The World According to Nobel Laureate Murray Gell-Mann

IN recent years, there has been a steady stream of books by the world's great physicists who, having made their contributions to science, now seek to explain their discoveries and those of their elite scientific brethren to the rest of us.

Books like ``The God Particle'' (Houghton Mifflin, 1993) by Leon Lederman and Dick Teresi, Stephen Hawking's ``A Brief History of Time'' (Bantam, 1988), and Peter Coveney's ``The Arrow of Time'' (Fawcett, 1991) try to make sense of the last quarter-century's developments in cosmology, astronomy, and high-energy particle physics. They try to show how everything, from the very small to the very big, is ultimately the same thing, built from the same ``star stuff,'' and tied together by the laws of physics.

While some of these books are successful at the bookstore, many of them make such demands on the average reader that they are soon left to gather dust on the coffee table - an expensive reminder that for most of us the details of modern physics are all but incomprehensible.

Discouraged with the quality of these previous books, Nobel laureate Murray Gell-Mann has decided to write his own.

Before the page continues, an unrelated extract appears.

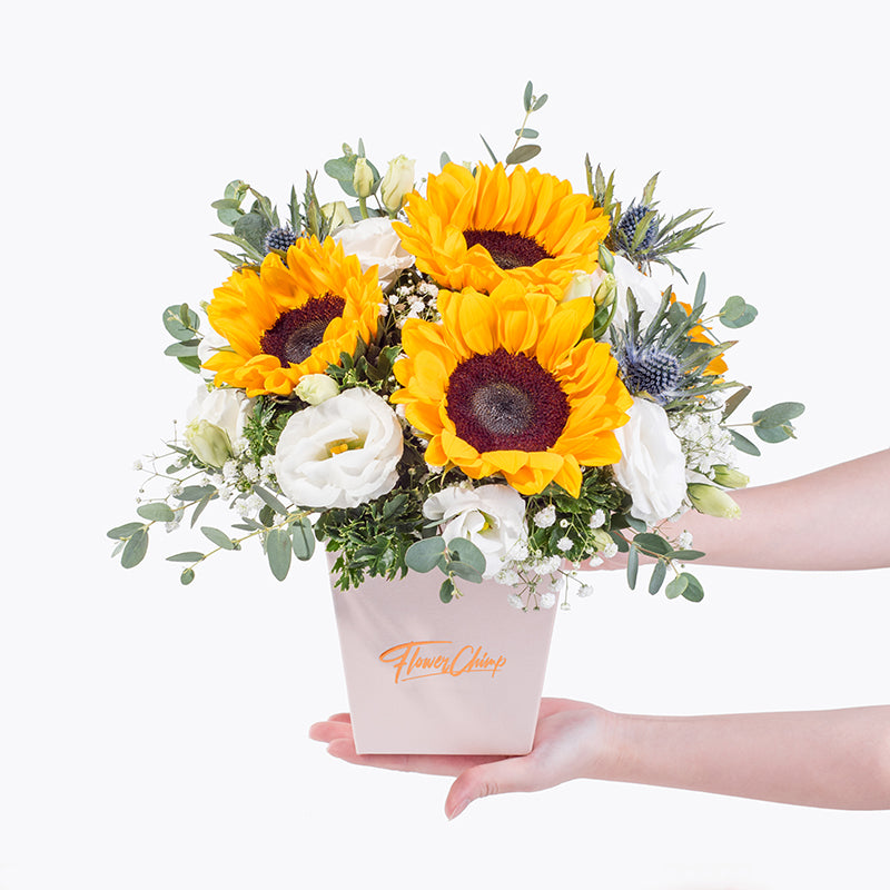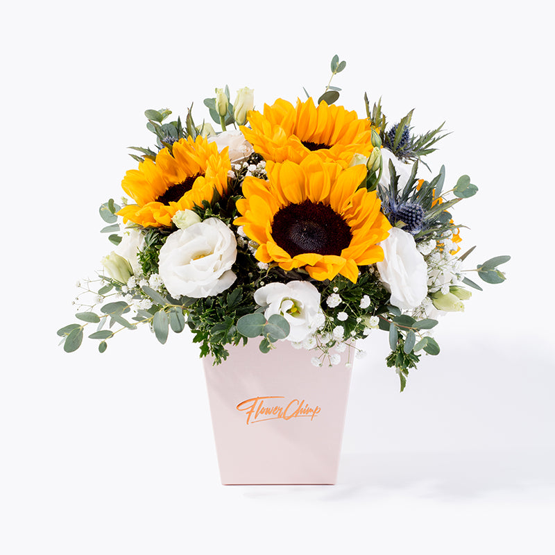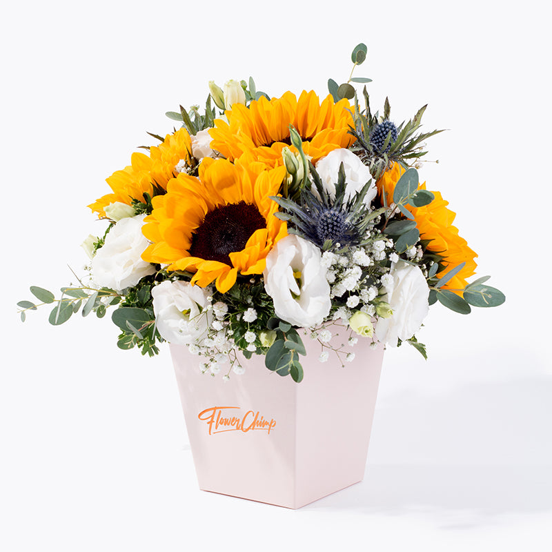 Yellow Sunflower (5 Stalks), White Eustoma (3 Stalks), Blue Eryngium, White Baby Breath, Eucalyptus Leaves
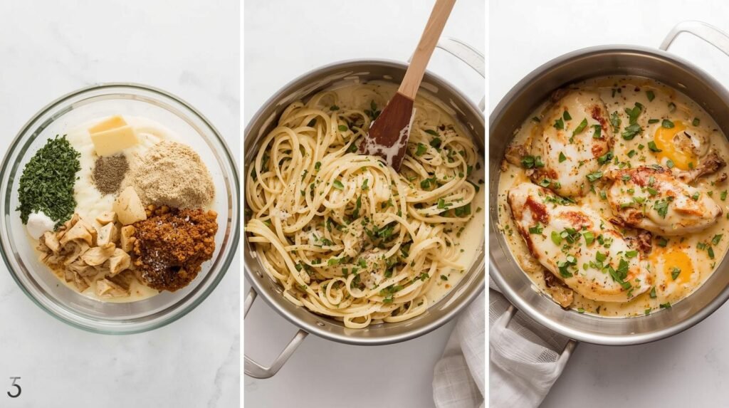 Garnish with parsley and extra Parmesan. Serve hot and enjoy that authentic creamy texture without the heaviness of a full cream sauce.

But instead of following the well-worn path of explaining the world from the beginning of creation to the present, or from the smallest subatomic particle to the largest cluster of galaxies, Gell-Mann has taken a different approach, painting a picture of the world from the simple to the complex.

Few people are in a better position to chart this course than the author. Besides his achievements in physics, he is the founder of the Santa Fe Institute in New Mexico, an interdisciplinary think tank that is known as a haven for those interested in such subjects as artificial life, chaos theory, language, and global economics: a few of the many disparate studies that all seem to be part of the newly emerging field called ``complexity.''

A simple example from complexity theory is Zipf's Law, named for George Kingsley Zipf, a professor of German at Harvard University in the 1930s. Zipf noticed that the second largest city in a country tends to have roughly half the population of the largest, the third largest city tends to have roughly one-third the population of the largest, and so on. It turns out that similar scaling laws, with minor mathematical corrections, have popped up in a wide range of different fields, from hard sciences such as physics and biology to the social sciences as well.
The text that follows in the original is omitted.